Jamaaladeen Tacuma’s Improvised and Creative Music Festival Outsiders Expands Sound and Perceptions
Jamaaladeen Tacuma unleashed a torrent of tone and rhythm from his electric bass at the SOUTH Jazz Kitchen last Saturday night, keeping a sold-out crowd hooked on every note. It was the opening weekend for his Outdoor festival of improvised and creative music — and judging by the reception in the room, audiences are more than ready to follow his post-pandemic funk forays to their natural conclusion.
The kickoff began Friday with a band featuring Philadelphia legend Odean Pope on saxophone. Saturday’s lineup included fellow heavyweight saxophonist, James Carter, as well as drummer Calvin Weston and guitarist Jake Morelli. They displayed a synergy through attentive listening and reflexes rivaling many groups that work regularly.
“As improvisers, we understand the concept of transformation into grooves and styles within a given framework,” Tacuma told WRTI, after the fact. “As I humbly take the lead in these moments, I feel the vibe from the audience and it’s clear as we play what should come next.”

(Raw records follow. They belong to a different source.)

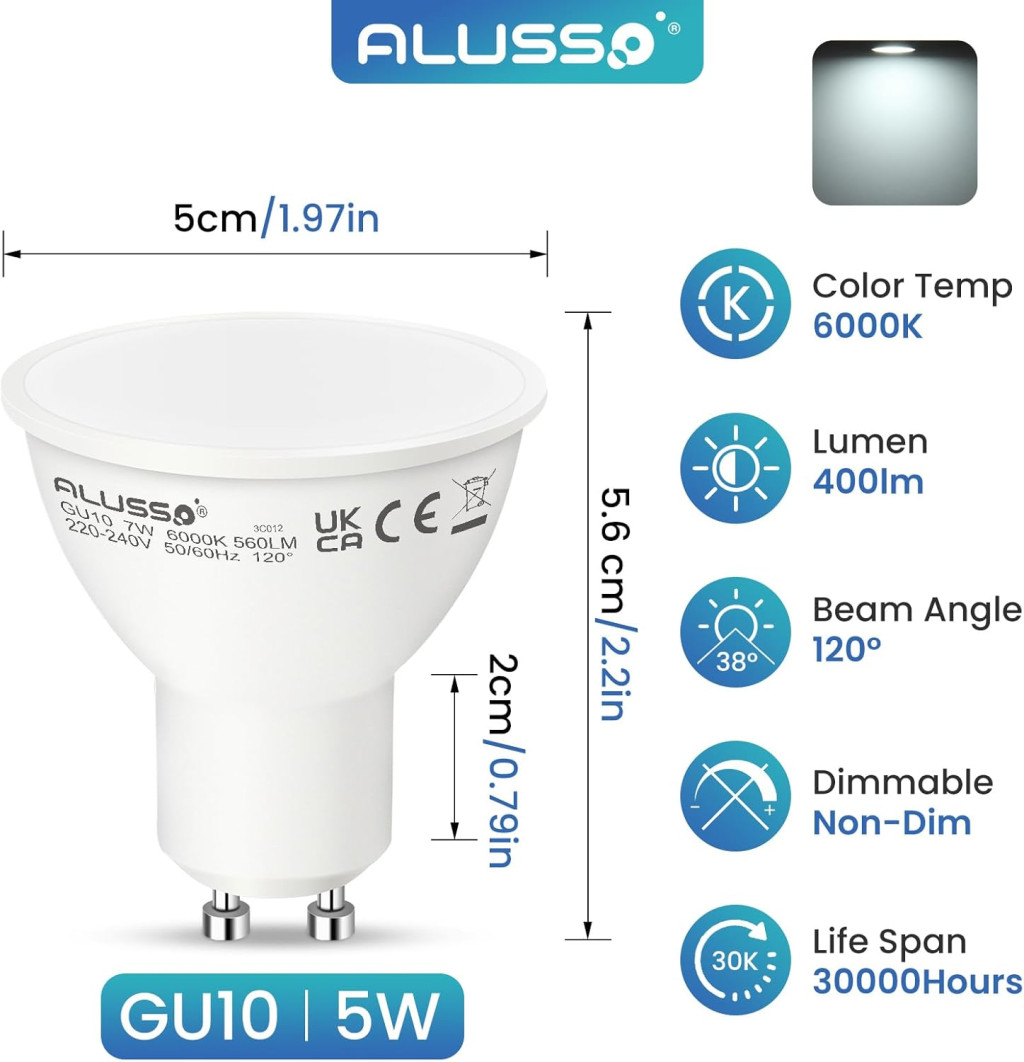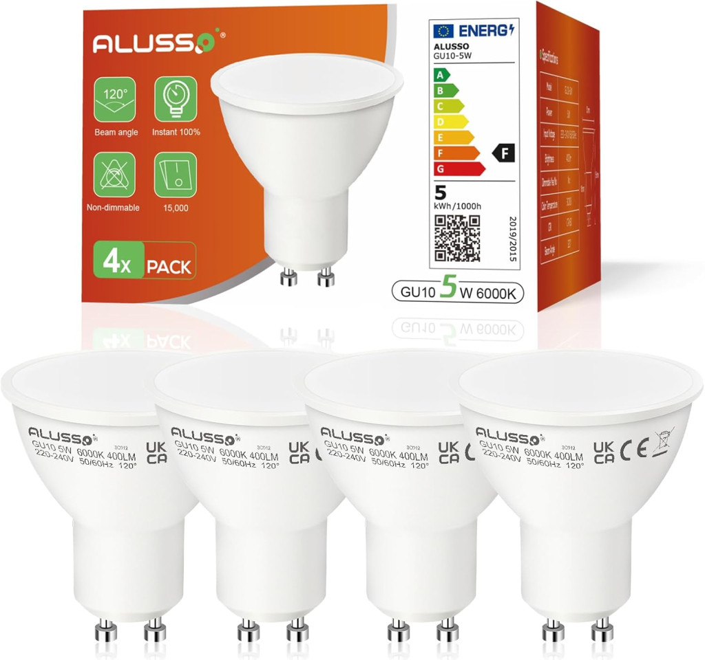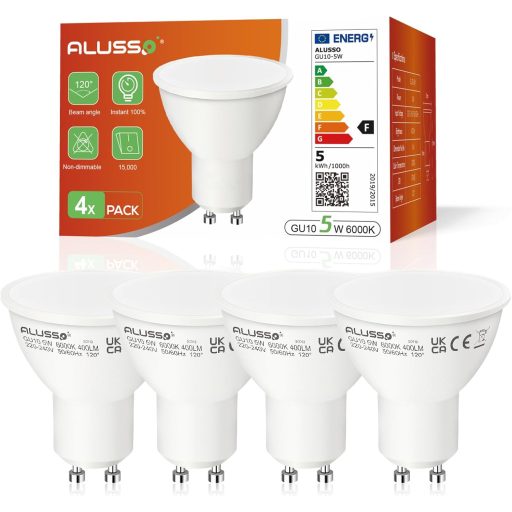 ALUSSO LIGHTING GU10 LED 5W Bec - Alb Rece 6000K - Pachet de 4 bucăți Prezentarea Produsului
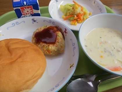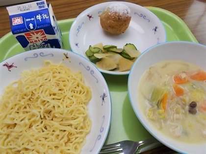 タンメンは塩味のスープに炒めた野菜がたくさん入った麺料理です。東京ではよく知られていますが、実は関東以外の地域ではあまり食べられていません。元々は中国の家庭料理を再現しようと日本の料理人が作ったもので、中国では骨や肉を煮詰めて作るスープのことを「湯(タン)」と呼ぶのでタンメンという名前になったそうです。 小松菜白玉ドーナッツは薄力粉の他に白玉粉も入れて作りました。もちもちした食感です。 11月5日(水)の献立
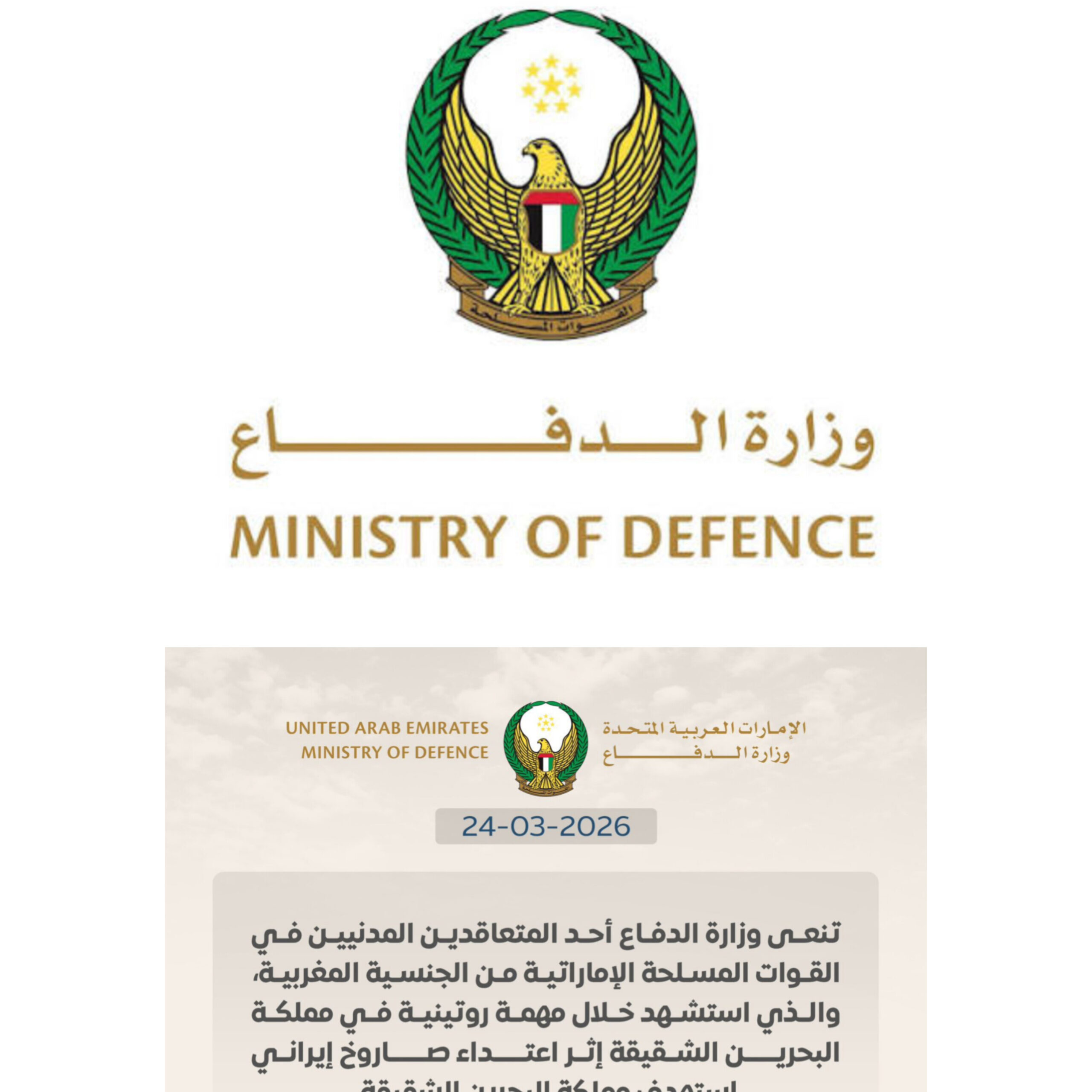 أصدرت وزارة الدفاع بدولة الإمارات العربية المتحدة بيانا رسميا اليوم، الثلاثاء 24 مارس 2026، تنعى فيه أحد المتعاقدين المدنيين العاملين في القوات المسلحة الإماراتية، وهو من الجنسية المغربية، والذي وافته المنية خلال أداء مهمة روتينية في مملكة البحرين.

Tacuma’s history with Weston and Carter goes back decades and formed the bond with Carter’s 2000 album. Lying in the cup (with guitarists Jef Lee Johnson and Marc Ribot). This common musical language also set the tone for this formation, presented as the Jamaaladeen Tacuma Quartet.
Dressed as always smartly and armed with his Fender Precision Bass, Tacuma guided the team through a medley of fire-breathing groove. His bass lines sometimes suggested patterns traceable to Billy “Bass” Nelson of Funkadelic or even Larry Graham. But emerging from this groove, a flair for improvisation and a vocabulary that dazzled and surprised the crowd.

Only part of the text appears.